Why men won't/don't commit...post your thoughts

good points on changes need to be made on both ends...however I think its more of a balance natural change .... naturally i think men and women can easily experience different partners in order to find a mate and there wont be men out of control just trying to get notches under their belts to feed their egos and women who are conditioned to believe they only need one man in life and thats it.....and i agree with relationships not being hard work....all relationships go thru their ups and downs however with love those ups and downs aren't work its resolutions and beneficial gains to each other....instead of compromises and sacrifices...commitment is real and of choice to be there and not obligatory if they could leave with no consequences would be out of there...alot of folks who claim relationships are so hard complain its hard when everything is going good...its like workin a job you dont really want to be at....you get good pay, benefits, non stressful, people treat you great and to others it seems like the best job ever...however to you you have to drag yourself in everyday just to be present there and all the perks don't make up for your feeling of wanting to be somewhere else doing something else...its hard work to do be somewhere where you don't want to be even when all the external factors are great.....its hard to be present emotionally even physically in a relationship that is seemingly great but its not where you want to be at for whatever reason...and folks who refuse to look at their own issues have a hard time in relationships as well
 
"It is what it is." I think that's it.

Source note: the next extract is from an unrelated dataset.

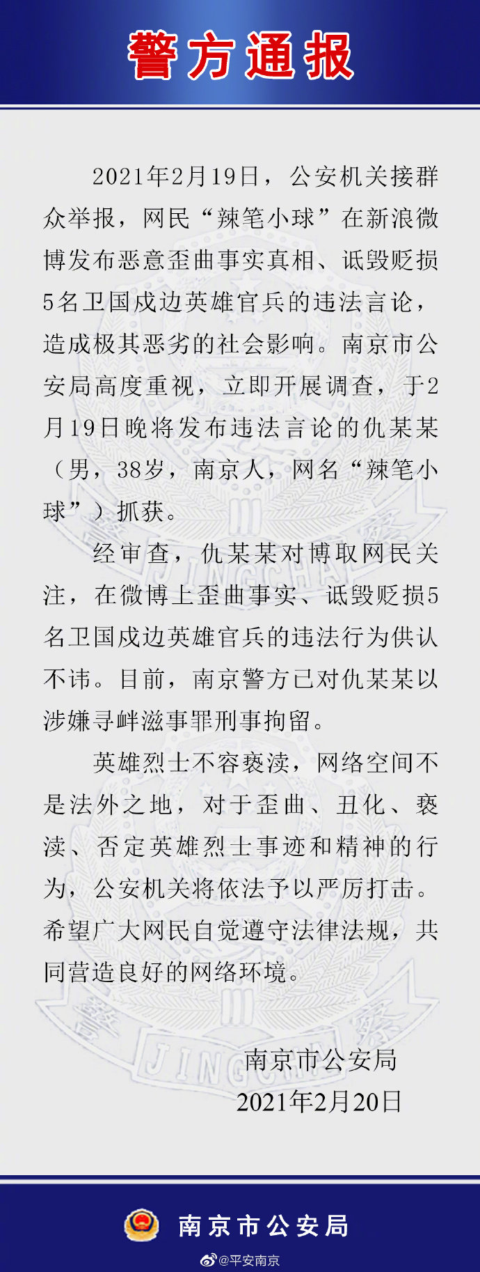 @平安南京2月20日发布通报,网民“辣笔小球”微博发布恶意歪曲事实真相、诋毁贬损5名卫国戍边英雄官兵的违法言论,被刑事拘留。

Women won't be able to control men, but they can find ones that are looking for what they're looking for. I think that's a lot easier and saner than trying to force him to commit, be stressed out because of the "competition," etc.
 
"It is what it is." I think that's it. Women won't be able to control men, but they can find ones that are looking for what they're looking for. I think that's a lot easier and saner than trying to force him to commit, be stressed out because of the "competition," etc.

I agree.

I didn't watch the video, but really, I think that analyzing the "why he won't commit" issue is a waste of time.

A lot of men will commit. They just might not want to commit to you... which is why you see so many cases of a dude staying with one woman for years and never committing, then wifing up the next woman that comes along after knowing her for just six months.

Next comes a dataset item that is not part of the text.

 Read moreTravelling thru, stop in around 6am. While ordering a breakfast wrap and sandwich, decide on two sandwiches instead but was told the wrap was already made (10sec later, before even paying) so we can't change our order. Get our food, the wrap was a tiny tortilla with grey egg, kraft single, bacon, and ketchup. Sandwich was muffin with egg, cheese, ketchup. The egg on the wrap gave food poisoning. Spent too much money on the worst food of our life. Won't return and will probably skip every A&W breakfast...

That's okay though, because there are other men who DO want to commit to you. Focus on them, and wondering about why men don't commit will no longer be a concern.

Some men simply don't want to commit to anyone. Why? Who cares! If you want a commitment, then leave the ones who don't want to commit alone.
 
It's all about timing for them.

Warren Beatty whored around for years, until he got ready to settle down.

With Annette Bening, it was like bing, bang, boom - married. She wasn't the most special female to drop from the sky, IMO. He just got ready.

ITA that if a man won't commit to you, let it go.

Why ask why?
 
Preach Drea, PPPPPPRRRRREEEEEEEAAAAAACCCCCHHHHHH!!!! :amen: She took the words RIGHT out of my mouth. ;) She echoed the first thought that popped into my head with her first comment: Men don't commit because they don't have to. In addition to "other" women who are willing to accommodate men, a lot of women in "relationships" favor settling over letting a guy go. She actually reminds me a lot myself before I got married (single for several years and reserving physical intimacy for relationships). Having standards in a world where so many people are guided by the pleasure principle is frustrating. I do, however, know that there are men who are interesting in committing. Women would save themselves a lot of heartache by focusing on those men and not entertaining dudes who :blah::blah::blah: about what he can get from another woman. :rolleyes: So, he wants to go elsewhere to get *insert accommodation here*? Let him go and don't let your life get off track. :up:
 
men will commit when they are ready, alot of women commit too easily and then don't understand why they are unhappy......why would anybody want a man who wasn't ready to commit and try to force him too.....but also, why would they just commit to a man who wanted to commit... not somebody they wanted to be with...that happens alot
 
I think won't/don't commit because they don't have to. Women will sleep with them, have children with them, move in with them, buy a house with them, all without the promise and committment that comes with marriage.